Ancient tales tell of how, following a long siege in 212 BC, the Consul Marcello’s legionnaires outwitted the city of Syracuse, which was allied with Carthage. For a full two years, the city walls had withstood every assault, defended by the fearsome machines of the genius Archimedes—including, according to legend, his infamous burning mirrors.

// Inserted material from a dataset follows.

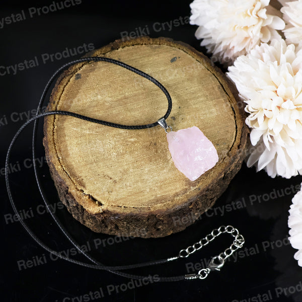 * A rose quartz pendant symbolizing love, compassion, and emotional healing. It is often worn to attract love, foster self-love, and promote harmony in relationships. The soft pink color adds a soothing and gentle energy to its wearer.

Modern CSP (Concentrated Solar Power) systems that concentrate sunlight to produce electricity and heat, descend from Archimedes’ legendary mirrors. Although CSP technologies represent only a niche in the world’s energy landscape today, they have considerable potential: by 2050, they could cover 10% of the world’s electricity demand, helping to decarbonise many industrial thermal processes that currently rely on fossil fuels. In fact, it is estimated that the sun provides the Earth with about one billion terawatt hours of radiant energy annually with very low density, with the potential of satisfying the world's energy requirements 10,000 times over. One of the world’s largest CSP power stations is located at the foot of the High Atlas in Morocco, not far from the northern edge of the Sahara Desert. The energy generated by the Noor Ouarzazate complex (510 MW) avoids the production of almost 800,000 tonnes of CO2 per year. The most spectacular section of the Ouarzazate site is undoubtedly the central tower system with its 7,400 reflective panels (called heliostats) that concentrate solar radiation onto a 250-metre-tall tower to heat a thermal carrier fluid to over 500°C. That heat is then converted into electrical energy by a traditional 150 MW steam turbine. Then, thanks to its innovative molten salt thermal accumulation system, the plant can provide power over the grid for almost eight hours, even at night.